#### Given entries:
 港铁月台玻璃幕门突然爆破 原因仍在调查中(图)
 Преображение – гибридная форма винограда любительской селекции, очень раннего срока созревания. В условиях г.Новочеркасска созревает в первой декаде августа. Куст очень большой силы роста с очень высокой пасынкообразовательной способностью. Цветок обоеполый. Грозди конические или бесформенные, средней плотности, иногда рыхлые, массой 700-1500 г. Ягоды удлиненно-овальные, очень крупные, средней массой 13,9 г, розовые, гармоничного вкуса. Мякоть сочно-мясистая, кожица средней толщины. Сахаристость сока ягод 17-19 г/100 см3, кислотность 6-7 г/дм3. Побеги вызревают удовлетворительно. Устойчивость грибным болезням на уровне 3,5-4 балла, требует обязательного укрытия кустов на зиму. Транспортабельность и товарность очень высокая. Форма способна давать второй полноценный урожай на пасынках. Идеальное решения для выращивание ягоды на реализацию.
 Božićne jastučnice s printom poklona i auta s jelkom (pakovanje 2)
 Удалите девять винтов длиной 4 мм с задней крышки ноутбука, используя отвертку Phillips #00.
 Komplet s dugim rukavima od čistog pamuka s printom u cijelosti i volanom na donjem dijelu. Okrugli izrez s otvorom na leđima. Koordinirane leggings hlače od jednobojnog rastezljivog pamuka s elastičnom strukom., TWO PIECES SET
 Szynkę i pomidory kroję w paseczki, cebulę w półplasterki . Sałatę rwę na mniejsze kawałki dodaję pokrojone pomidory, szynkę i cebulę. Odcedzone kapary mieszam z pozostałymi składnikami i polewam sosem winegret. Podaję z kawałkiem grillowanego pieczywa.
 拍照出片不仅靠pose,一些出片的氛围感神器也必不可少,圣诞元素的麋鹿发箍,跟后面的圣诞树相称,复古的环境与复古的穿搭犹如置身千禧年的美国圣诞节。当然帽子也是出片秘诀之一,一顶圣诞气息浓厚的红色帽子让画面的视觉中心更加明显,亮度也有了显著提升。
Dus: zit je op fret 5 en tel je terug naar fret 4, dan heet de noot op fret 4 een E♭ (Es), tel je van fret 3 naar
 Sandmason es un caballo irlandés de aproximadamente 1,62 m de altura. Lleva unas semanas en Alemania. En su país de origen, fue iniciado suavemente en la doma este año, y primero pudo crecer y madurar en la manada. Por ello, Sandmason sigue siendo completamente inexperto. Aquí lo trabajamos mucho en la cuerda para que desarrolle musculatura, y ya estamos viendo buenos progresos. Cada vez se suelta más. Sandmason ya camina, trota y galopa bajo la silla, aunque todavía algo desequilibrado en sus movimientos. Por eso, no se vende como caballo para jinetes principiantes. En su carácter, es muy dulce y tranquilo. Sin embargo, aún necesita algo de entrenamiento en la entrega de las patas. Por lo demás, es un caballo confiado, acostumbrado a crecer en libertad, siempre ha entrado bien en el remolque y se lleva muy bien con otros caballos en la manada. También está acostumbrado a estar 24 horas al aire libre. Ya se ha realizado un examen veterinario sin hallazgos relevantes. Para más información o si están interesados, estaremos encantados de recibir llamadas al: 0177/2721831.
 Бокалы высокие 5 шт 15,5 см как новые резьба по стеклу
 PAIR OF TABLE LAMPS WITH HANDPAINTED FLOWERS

* * *

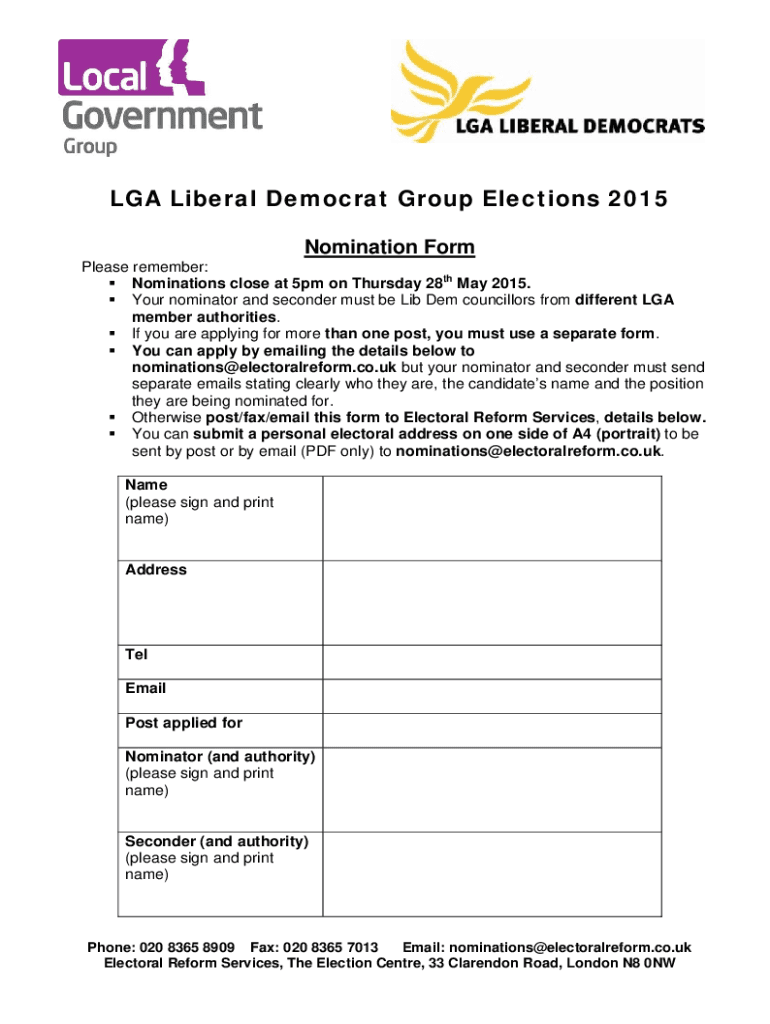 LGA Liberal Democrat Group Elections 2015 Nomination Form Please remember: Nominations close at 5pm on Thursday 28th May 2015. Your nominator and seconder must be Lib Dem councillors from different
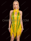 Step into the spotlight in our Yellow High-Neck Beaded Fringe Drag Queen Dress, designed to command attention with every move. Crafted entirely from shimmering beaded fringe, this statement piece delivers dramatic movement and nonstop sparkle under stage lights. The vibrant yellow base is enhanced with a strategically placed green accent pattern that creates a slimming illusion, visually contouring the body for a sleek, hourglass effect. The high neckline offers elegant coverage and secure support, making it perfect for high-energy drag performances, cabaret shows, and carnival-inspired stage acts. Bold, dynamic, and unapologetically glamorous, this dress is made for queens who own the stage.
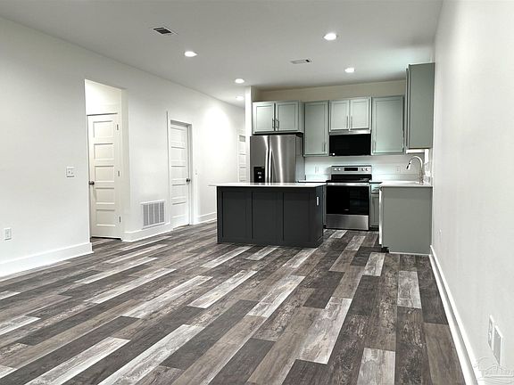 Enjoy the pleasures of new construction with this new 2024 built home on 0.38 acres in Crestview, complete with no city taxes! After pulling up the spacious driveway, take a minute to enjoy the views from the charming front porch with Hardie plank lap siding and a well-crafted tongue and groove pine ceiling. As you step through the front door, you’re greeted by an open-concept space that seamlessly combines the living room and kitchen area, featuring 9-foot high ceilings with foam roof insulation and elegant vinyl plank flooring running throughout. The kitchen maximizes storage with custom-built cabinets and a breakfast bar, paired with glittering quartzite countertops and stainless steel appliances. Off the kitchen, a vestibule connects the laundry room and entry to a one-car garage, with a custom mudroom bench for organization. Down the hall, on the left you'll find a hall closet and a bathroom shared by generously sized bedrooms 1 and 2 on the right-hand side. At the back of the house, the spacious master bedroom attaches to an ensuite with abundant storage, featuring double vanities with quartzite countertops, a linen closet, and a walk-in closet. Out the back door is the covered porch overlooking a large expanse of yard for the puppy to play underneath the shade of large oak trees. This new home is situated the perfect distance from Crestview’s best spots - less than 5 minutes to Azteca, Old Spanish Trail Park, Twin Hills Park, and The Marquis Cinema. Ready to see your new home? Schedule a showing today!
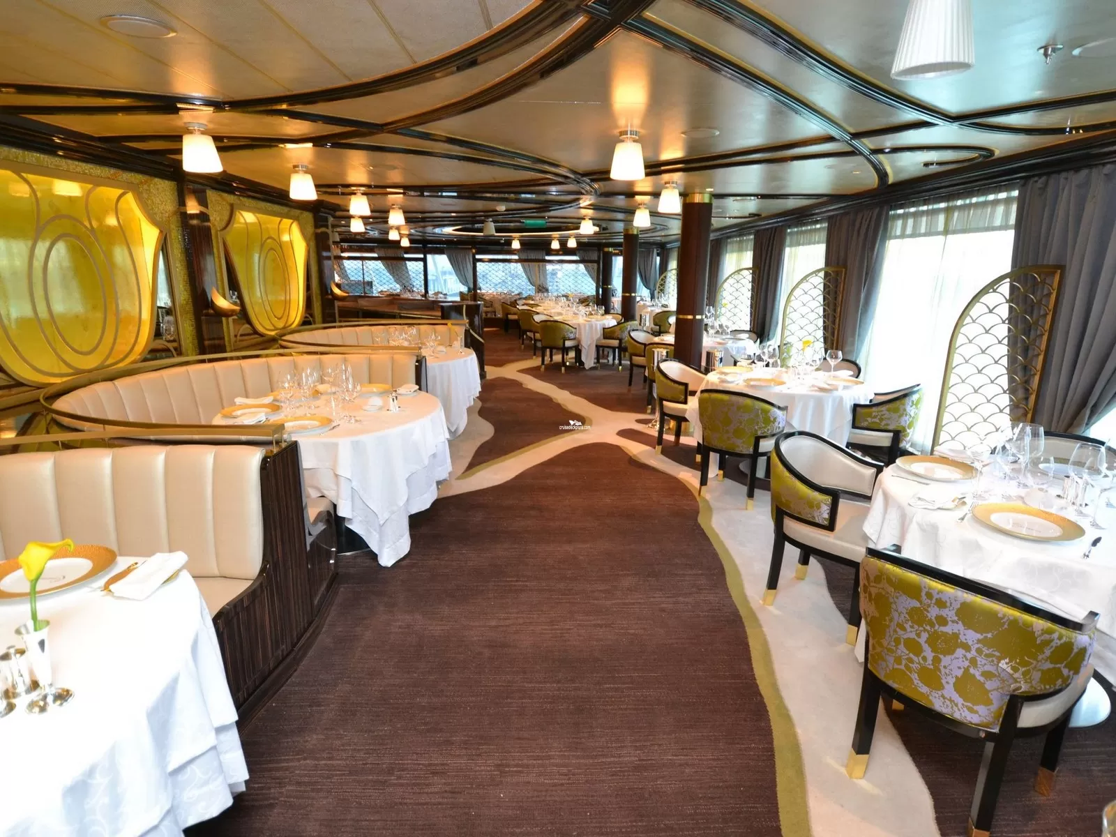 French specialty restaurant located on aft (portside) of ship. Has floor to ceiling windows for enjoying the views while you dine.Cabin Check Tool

* * *

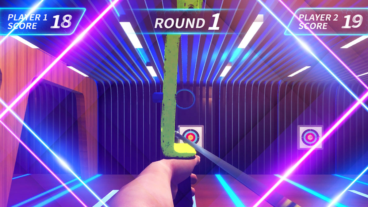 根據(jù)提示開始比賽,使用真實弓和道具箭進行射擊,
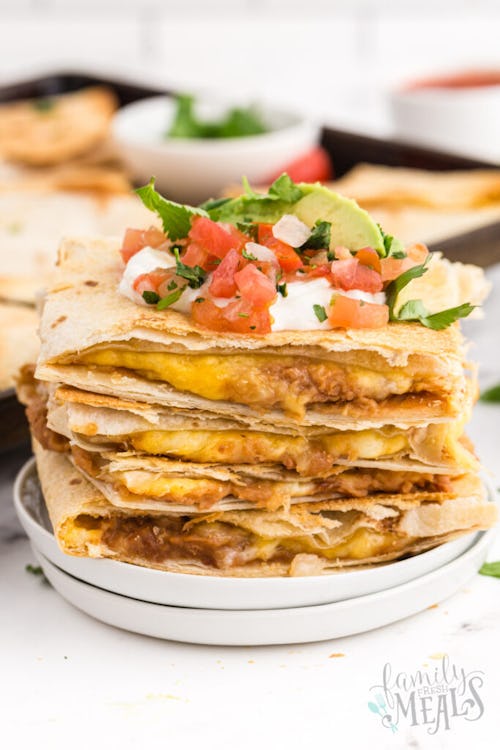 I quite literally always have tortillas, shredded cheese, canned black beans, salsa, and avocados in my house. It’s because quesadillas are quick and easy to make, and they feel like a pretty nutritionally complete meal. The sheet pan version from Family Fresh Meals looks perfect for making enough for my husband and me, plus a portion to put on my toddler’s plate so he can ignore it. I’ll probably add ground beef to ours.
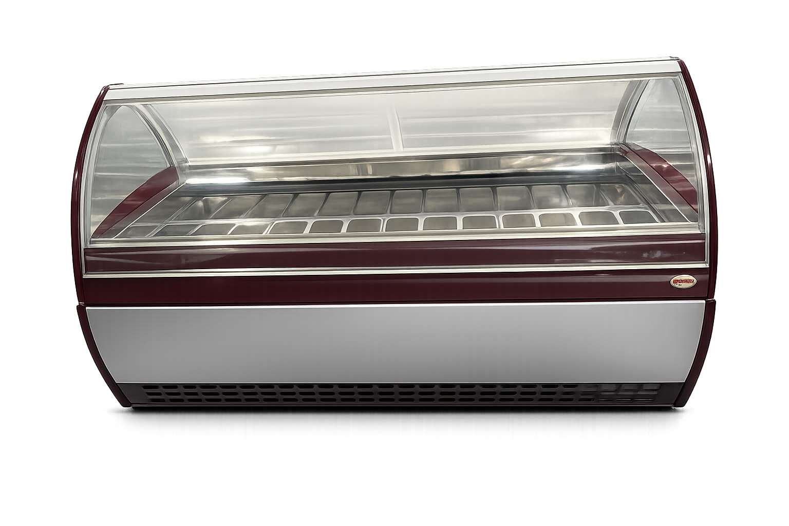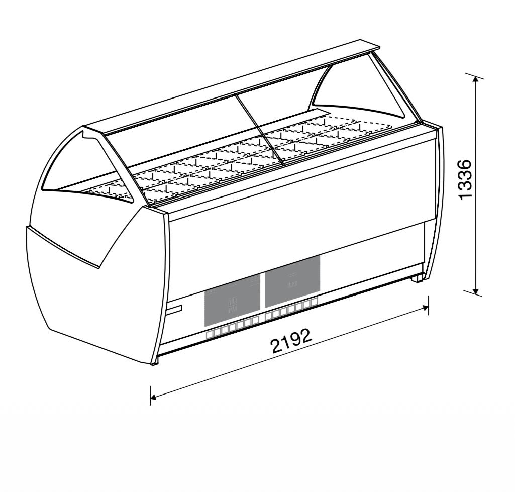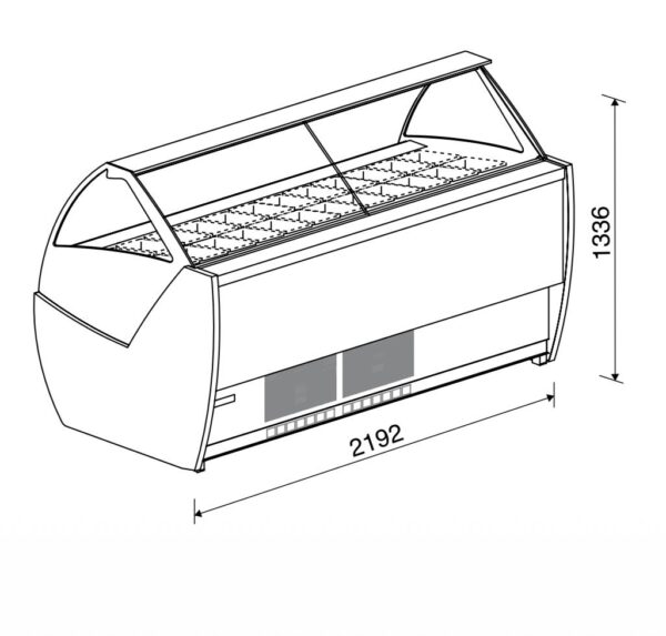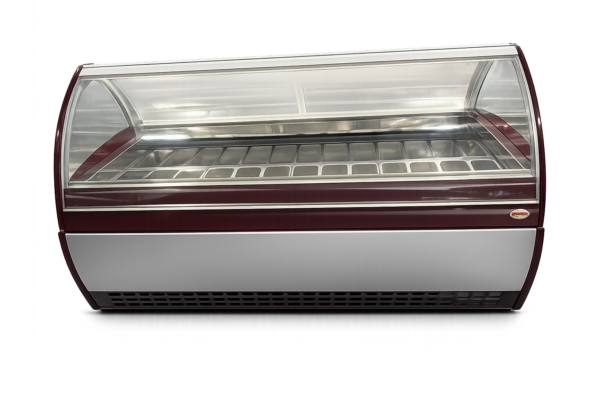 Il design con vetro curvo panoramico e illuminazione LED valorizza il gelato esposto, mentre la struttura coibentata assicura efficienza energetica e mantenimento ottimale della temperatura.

#### Exercise:
If a line in the records above has the word "printom", copy it out.

#### Solution to this task:
 Božićne jastučnice s printom poklona i auta s jelkom (pakovanje 2)
 Komplet s dugim rukavima od čistog pamuka s printom u cijelosti i volanom na donjem dijelu. Okrugli izrez s otvorom na leđima. Koordinirane leggings hlače od jednobojnog rastezljivog pamuka s elastičnom strukom., TWO PIECES SET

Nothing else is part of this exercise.